The aim of this research project would be to conduct human subjects research with the squeegee kids of Baltimore city. In what has been a very controversial issue in Baltimore for decades, young men clean windshields on the street. Many drivers view them as a nuisance, emphasizing a negative and dehumanizing narrative around them. Some drivers (especially as reflected on internet discussion boards) want their line of workto be illegal; and the language used when talking about these young people is often similar to how someone would talk about hardened criminals. In contrast, some of the youth themselves emphasize that they are engaging in hard work to earn much-needed income to support their families, and some city officials and activists strive to support squeegee boys, either by setting up alternative programs or defending them from accusations. The aim of this work would be to use interviews with these young people to investigate, their motivations for work, their experiences, and how they orient themselves in a world that seems ready to write them off as criminals. The aim would also be performing discourse analysis of internet sources as a way of reframing and redefining both the place of squeegee kids in Baltimore city and understanding the strong, fierce opposition to them.
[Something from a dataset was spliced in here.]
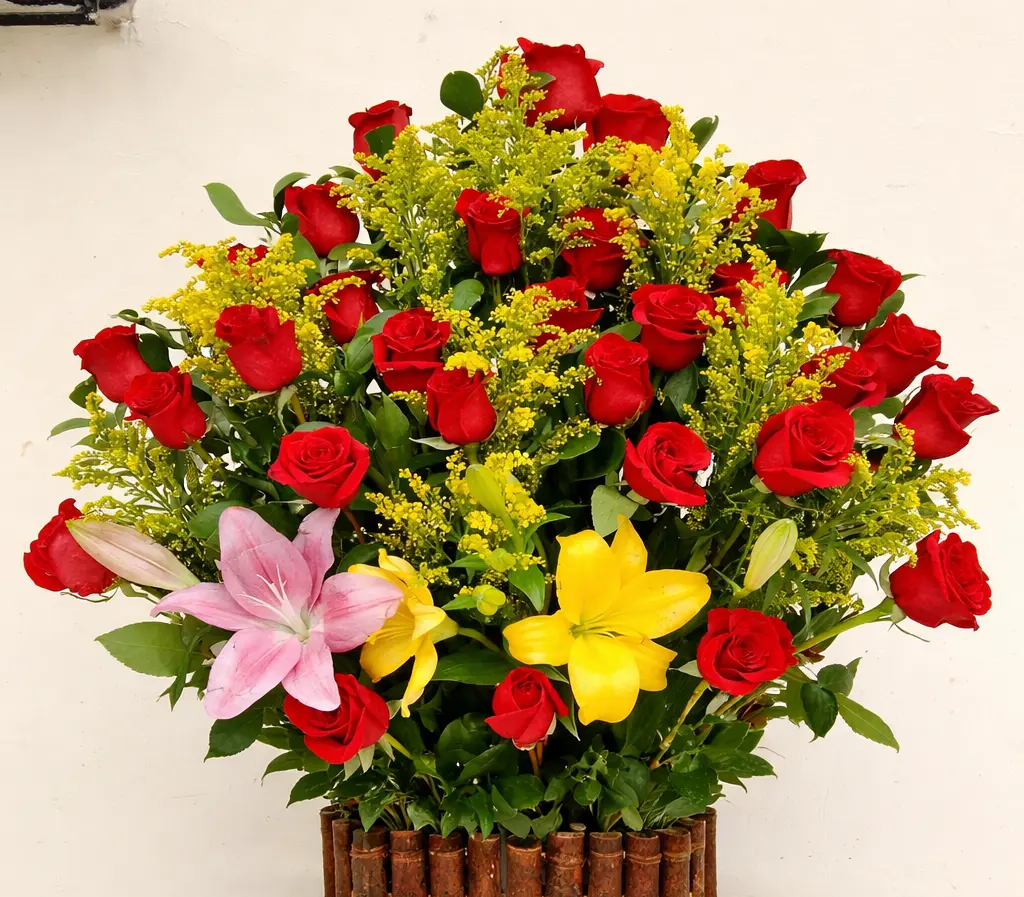 Está compuesto por una gran cantidad de rosas rojas, símbolo universal del amor y la pasión, acompañadas de lirios en tonos amarillo y rosado, que aportan un toque de sofisticación y delicadeza. Se complementa con flores de relleno amarillas (solidago) que brindan textura, volumen y un contraste luminoso, junto con un follaje verde fresco que realza toda la composición.

Elle Kreiner, “Ethnographic Examination of Strategies of Emotional Labor in Death Care Work”
Sociology, Anthropology, and Public Health (Anthropology program)
Mentor:  Dr. Bambi Chapin

The purpose of my research is to identify forms of emotional management and strategies used by death care workers as they perform emotional labor. The goal is to provide better insight of backstage, or hidden, procedure in mitigating emotions.


Angel Munoz-Osorio, “The Effects of Sounds on Pain Perception”
Psychology
Mentor: Dr. Lynnda Dahlquist

The goal of this study is to further understand and explore the potential effects of auditory stimuli (pleasant/unpleasant sounds) on acute pain measured through pain intensity, pain unpleasantness, anxiety, and pain tolerance.


Ada Truong, “Chinese Americans’ psychological well-being and COVID-19 related racial discrimination: The moderating role of ethnic identity”
Psychology
Mentor:  Dr. Charissa Cheah

The purpose of this study is to examine: (1) the effects of Chinese Americans’ perceived COVID-19 related racial discrimination on their psychological well-being, and (2) themoderating role of Chinese Americans’ ethnic identity in the association between their perceived racial discrimination and psychological well-being.


Kateryna Yakusheva, “What type of government is the most efficient at dealing with pandemics?”
Global Studies
Mentor:  Dr. Brigid Starkey

This project is dedicated to studying how a type of government impacts the pandemic response. My research will demonstrate how different governments have dealt with COVID-19. I will analyze the data on coronavirus cases in each given country and examine the changes in the epidemic curve as new relief efforts are undertaken. I will finally determine if the features characteristic of any specific government system inhibit or conduce the country’s recovery.